#### [Records for the task]
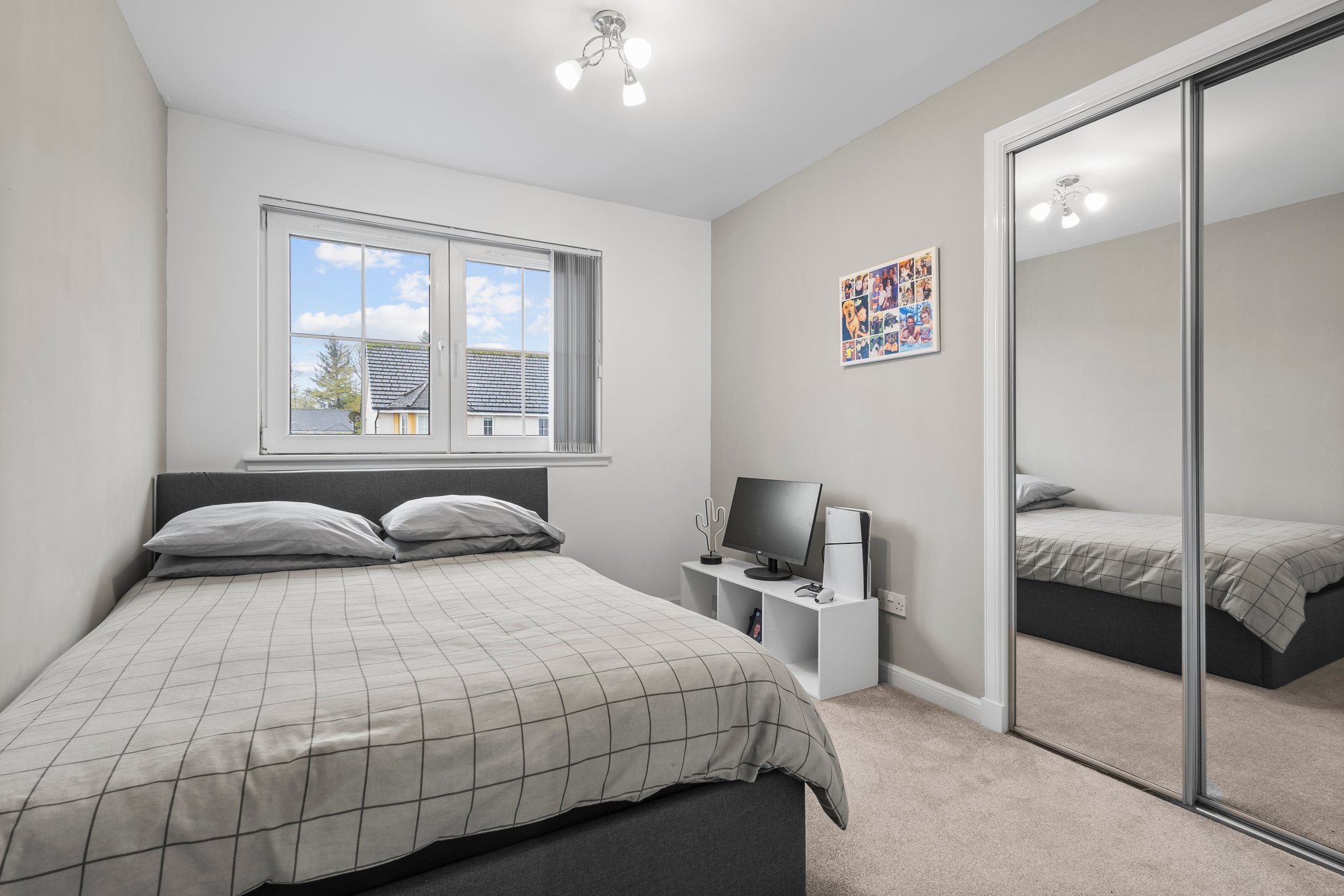 3.5m x 3.09m (11′ 6″ x 10′ 2″) Double bedroom featuring neutral decor, fitted wardrobes, fitted carpet and double glazed window to the front.
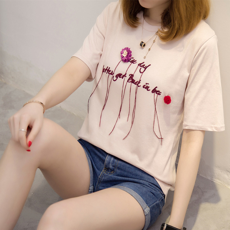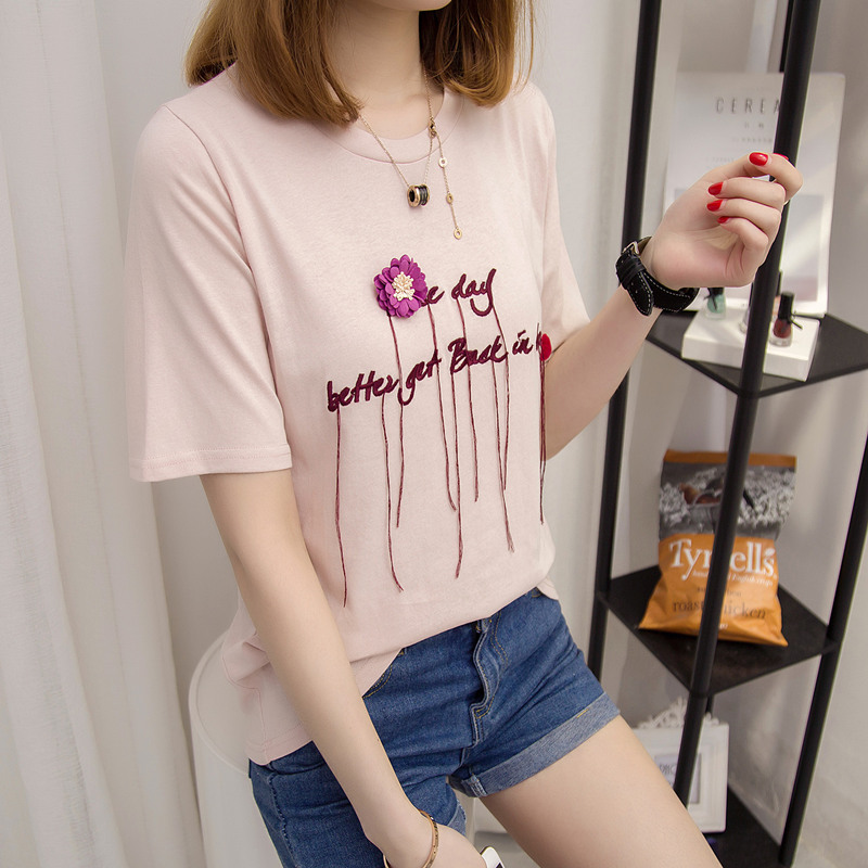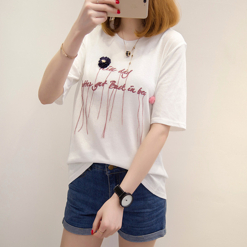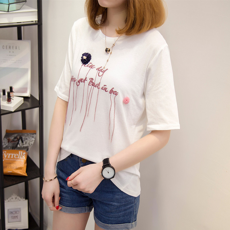 夏裝新款女裝寬松白色短袖t恤女立體字母咳韓版百搭上衣女夏
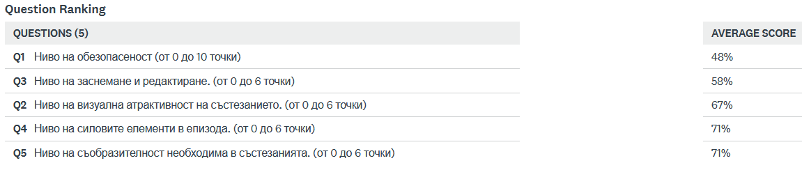 Гласуването за 3-ти епизод е вяло.  По обща оценка спрямо предишните епизоди е най-ниско досега .
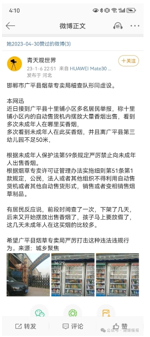 近日接到廣平縣十里鋪小區(qū)多名居民舉報,稱十里鋪小區(qū)內(nèi)的自動售貨機內(nèi)擺放大量香煙出售,看到多次未成年人在哪里買香煙,
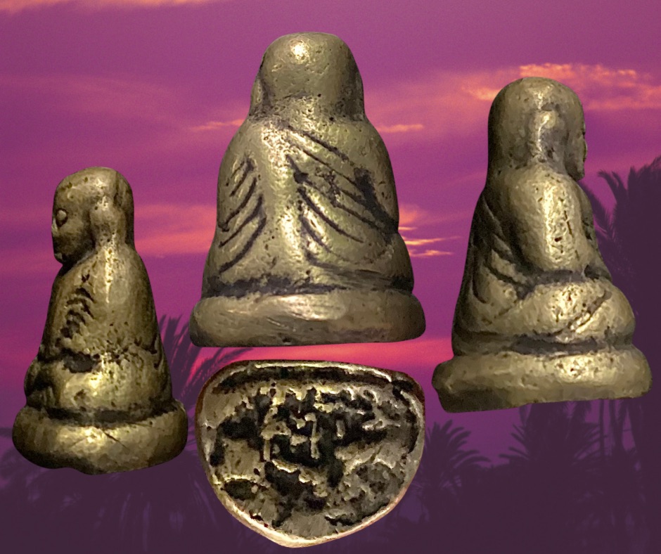 พระรูปหล่อหลวงพ่อเงิน พิมพ์ขี้ตา เข่าบุ๋ม แข้งจุด ก้นมะระ วัดทุ่งน้อย พิจิตร สร้างจากเนื้อโลหะเก่าและปลอกลูกปืนโดยหลวงพ่อนงค์เจ้าอาวาส วัดทุ่งน้อย เพื่อหาปัจจัยสร้างศาลาการเปรียญหลังใหม่ของวัดทุ่งน้อย …วัดทุ่งน้อยเป็นอีกวัดหนึ่งที่หลวงพ่อเงินท่านได้เข้ามาอุปถัมภ์ช่วยสร้างถาวรวัตถุต่าง ๆ โดยทางวัดได้หล่อรูปหลวงพ่อเงินกันภายในวัด และให้หลวงพ่อเงินท่านปลุกเสกแล้วนำออกให้ชาวบ้านบูชา เพื่อนำปัจจัยมาสร้างถาวรวัตถุในวัดทุ่งน้อย ต่อมาในยุคหลวงพ่อนงค์ (เจ้าอาวาสวัดทุ่งน้อย) ท่านหล่อหลวงพ่อเงิน (พิมพ์นิยม) ขึ้นใหม่เมื่อปี 2535 ปี 2536 หล่อพิมพ์ฟ้าคำรณและปืนแตก (ล้อพิมพ์วัดคงคาราม) ปี 2537 หล่อพิมพ์ขี้ตา 3 ชาย ปี 2538 หล่อพิมพ์ขี้ตา 4 ชาย ปี 2539 ท่านได้ถอดพิมพ์ขี้ตาสี่ชายสร้างขึ้นเป็นรุ่นแรกของท่าน โดยถอดพิมพ์จากพระรูปหล่อหลวงพ่อเงินพิมพ์ขี้ตาที่ทันหลวงพ่อเงินเสกและหลวงพ่อนงค์ท่านบูชาไว้ องค์ที่นำมาเสนอนี้เป็นพระรูปหล่อพิมพ์ขี้ตา สี่ชาย เข่าบุ๋ม แข้งจุด ก้นมะระ ปี 2539 วัดทุ่งน้อย มีตำหนิที่ปากตอนหล่อ นอกนั้นสมบูรณ์ ขนาด 2.0 x 2.5 ซม. 500.- บาทครับ.
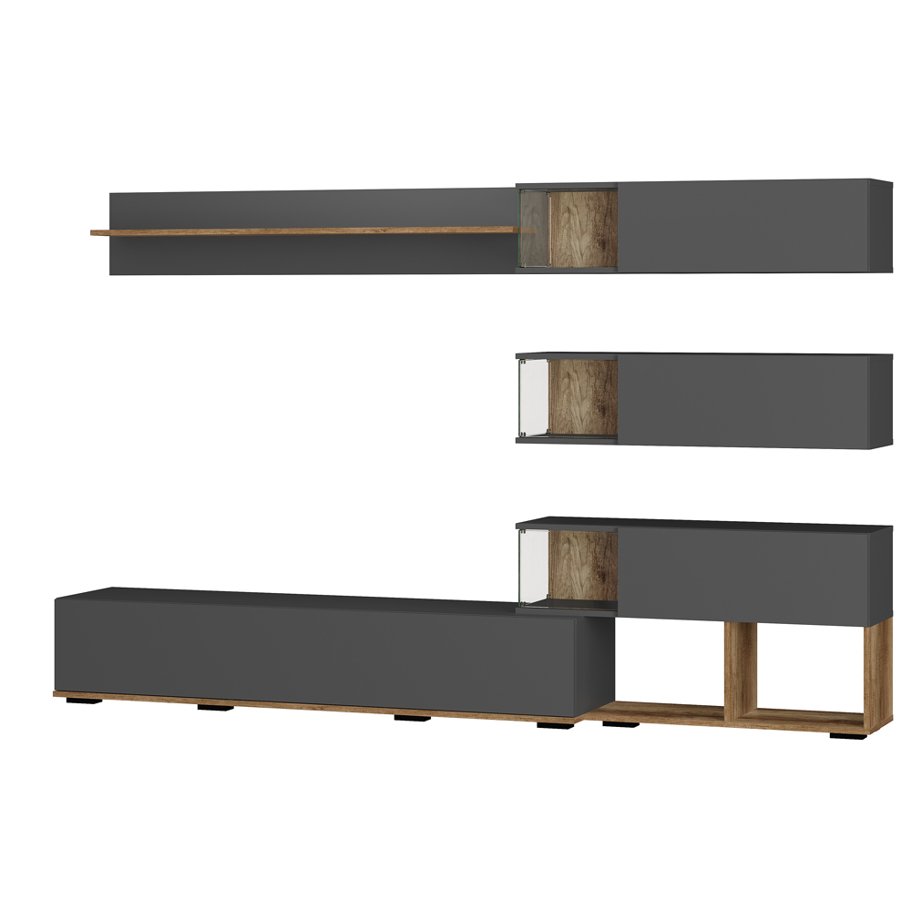 Гостиная Рига ГС-01 — это стильная и функциональная мебель для вашего дома. Строгий дизайн гостиной дополняют нестандартные детали, такие как полки-аквариумы из прозрачного стекла. Они служат для размещения красивых элементов декора или небольших светильников, создавая уют в вашем доме.
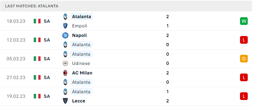 Trong khi đó, Atalanta đang cho thấy rất rõ những sự sa sút của mình, bằng chứng là việc đoàn quân của HLV Gian Piero Gasperini đã trải qua đến 4 vòng đấu liên tiếp tại Serie A không biết đến mùi chiến thắng trước khi đánh bại Empoli đang suy yếu ở vòng đấu trước. Dẫu vậy cần nhìn nhận một cách thực tế rằng, Atalanta vẫn luôn sở hữu một lối chơi hết sức khó chịu và cùng với đó là dàn nhân sự vô cùng đồng đều. Mặc cho thành tích thi đấu của vị khách trong những vòng đấu trở lại đây là vô cùng thất vọng nhưng với đẳng cấp và thực lực vốn có thì họ hoàn toàn có thể tự tin vào một kết quả tốt trong trận chiến sắp tới.
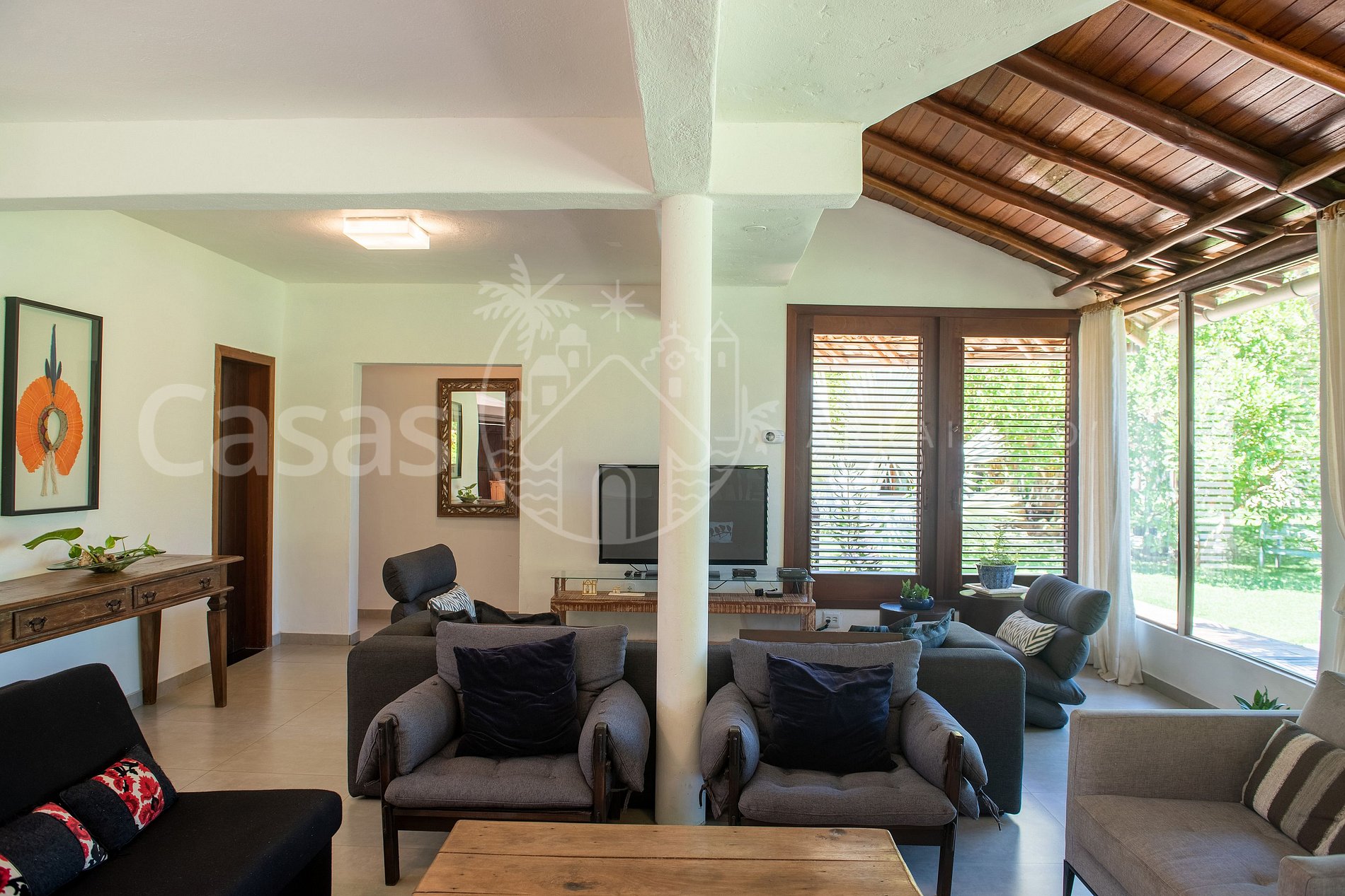 Sala ampla com vários ambientes, varanda com redes para você desfrutar momentos maravilhosos. A propriedade tem uma construção onde ficam duas das lindas suítes, o espaço, lindamente decorado e bem equipado, tem sala e cozinha completa, duas suítes aconchegantes com vsita para o jardim e piscina.
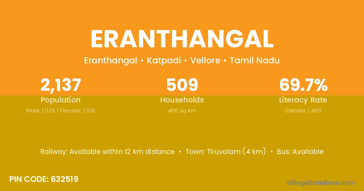 Tiruvalam (4 km) is the nearest town to Eranthangal village for major economic activities and is located approximately 4 km away.
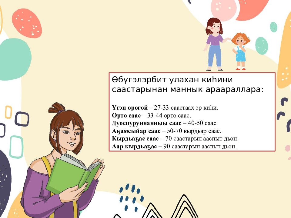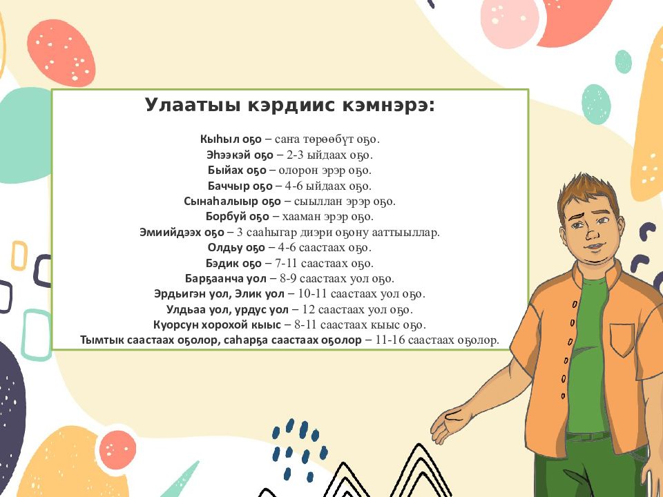 Улаатыы кэрдиис кэмнэрэ : Кыhыл оҕо – саҥа төрөөбүт оҕо. Эhээкэй оҕо – 2-3 ыйдаах оҕо. Быйах оҕо – олорон эрэр оҕо. Баччыр оҕо – 4-6 ыйдаах оҕо. Сынаhалыыр оҕо – сыыллан эрэр оҕо. Борбуй оҕо – хааман эрэр оҕо. Эмиийдээх оҕо – 3 сааһыгар диэри оҕону ааттыыллар. Олдьу оҕо – 4-6 саастаах оҕо. Бэдик оҕо – 7-11 саастаах оҕо. Барҕаанча уол – 8-9 саастаах уол оҕо. Эрдьигэн уол, Элик уол – 10-11 саастаах уол оҕо. Улдьаа уол, урдус уол – 12 саастаах уол оҕо. Куорсун хорохой кыыс – 8-11 саастаах кыыс оҕо. Тымтык саастаах оҕолор, саhарҕа саастаах оҕолор – 11-16 саастаах оҕолор.
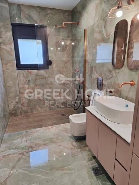 Spata, Hristoupoli - Apartment 114sqm bedrooms 3, upper floor - 1st, excellent condition, year built 2026, energy class D, living room, hall, kitchen, 2 bathrooms, heating type: autonomous (heat pump), parking covered, quiet, dual aspect apartment, luminous, unobstructed view view, painted, storage space, solar heater, fireplace, balconies, large balconies, tents, garden, aluminum frames, double glazed windows, door screen, wood floors, close to bus stop (up to 100m), close to market (up to 100m), close to super market (up to 100m), close to attiki odos (up to 100m).
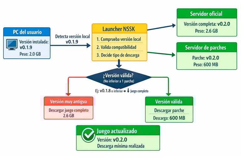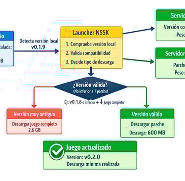 Este flujo está diseñado para ser automático, seguro y transparente, asegurando que el usuario siempre juegue con una versión estable y compatible.
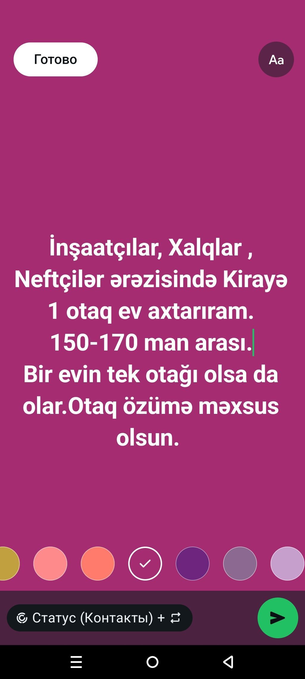 Kirayə üçün 1 otaqlı ev/otaq axtarılır. Məkan: İnşaatçılar, Xalqlar, Neftçilər ərazisi. Büdcə: 150–170 manat arası. Tələblər: - Tam 1 otaqlı ev və ya mövcud mənzilin tək otağı da uyğun ola bilər - Otaq yalnız mənə məxsus olsun (şəxsi otaq)
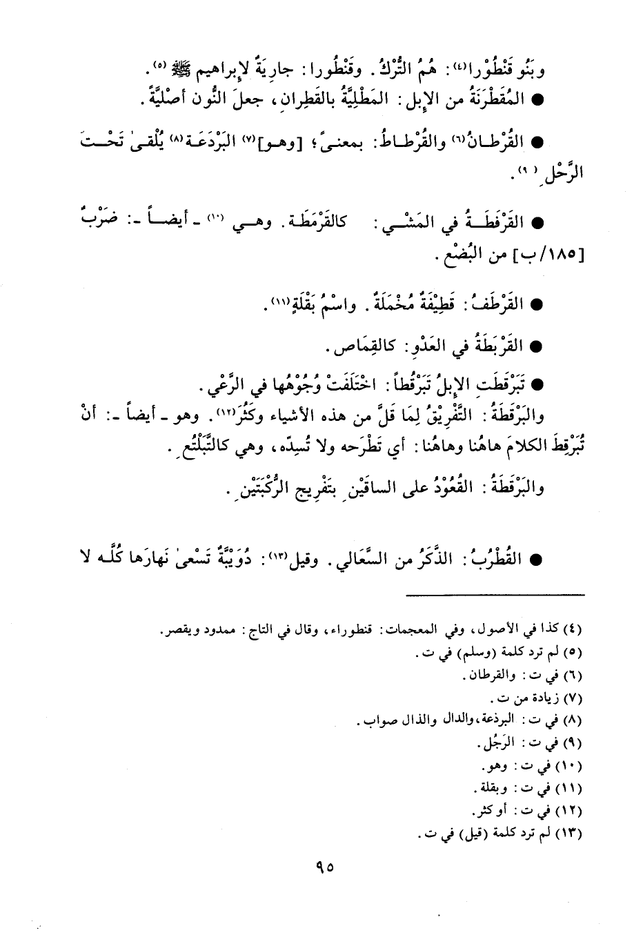 وبَنُو قَنْطُوْرا : هُمُ التُّرْكُ . وقَنْطُورا : جارِيَةٌ لإِبراهيم e . المُقَطْرَنَةُ من الإِبل المَطْلِيَّةُ بالقَطِرانِ ، جعلَ النُّون أصْليَّةً . القُرْطانُ والقُرْطاطُ بمعنىً وهو البَرْدَعَة يُلْقى تَحْتَ الرَّحْلِ . القَرْفَطَةُ في المَشْي كالقَرْمَطَة . وهي - أيضاً - ضَرْبٌ من البُضْع . القَرْطَفُ قَطِيْفَة مُخْمَلَة . واسْمُ بَقْلَةٍ . القَرْبَطَةُ في العَدْوِ كالقِمَاص . تَبَرْقَطَتِ الإِبلُ تَبَرْقُطاً اخْتَلَفَتْ وُجُوْهُها في الرَّعْي . والبَرْقَطَةُ : التَفْرِيْقُ لِمَا قَلَّ من هذه الأشياء وكَثُرَ . وهو - أيضاً - : أنْ تُبَرْقِطَ الكلامَ هاهُنا وهاهُنا : أي تَطْرَحه ولا تُسِدّه ، وهي كالتَّبَلْتُع . والبَرْقَطَةُ : القُعُوْدُ على الساقَيْن بتَفْرِيج الرُكْبَتَيْن . القُطْرُبُ الذَّكَرُ من السَّعَالي . وقيل دُوَيْبَّةٌ تَسْعى نَهارَها كُلَّه لا
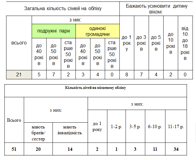 За її словами, на сьогодні на обліку перебуває 51 дитина, що потребує усиновлення, а також 21 кандидат в усиновлювачі. Для порівняння, минулоріч дітей було 56, а кандидатів в усиновлювачі – 19.

#### [Prompt]
Take the lines of the material above from the first through the one containing "近日接到廣平縣十里鋪小區(q", both included, and print them exactly without the pictures.

#### [Your solution]
 3.5m x 3.09m (11′ 6″ x 10′ 2″) Double bedroom featuring neutral decor, fitted wardrobes, fitted carpet and double glazed window to the front.
 夏裝新款女裝寬松白色短袖t恤女立體字母咳韓版百搭上衣女夏
 Гласуването за 3-ти епизод е вяло.  По обща оценка спрямо предишните епизоди е най-ниско досега .
 近日接到廣平縣十里鋪小區(qū)多名居民舉報,稱十里鋪小區(qū)內(nèi)的自動售貨機內(nèi)擺放大量香煙出售,看到多次未成年人在哪里買香煙,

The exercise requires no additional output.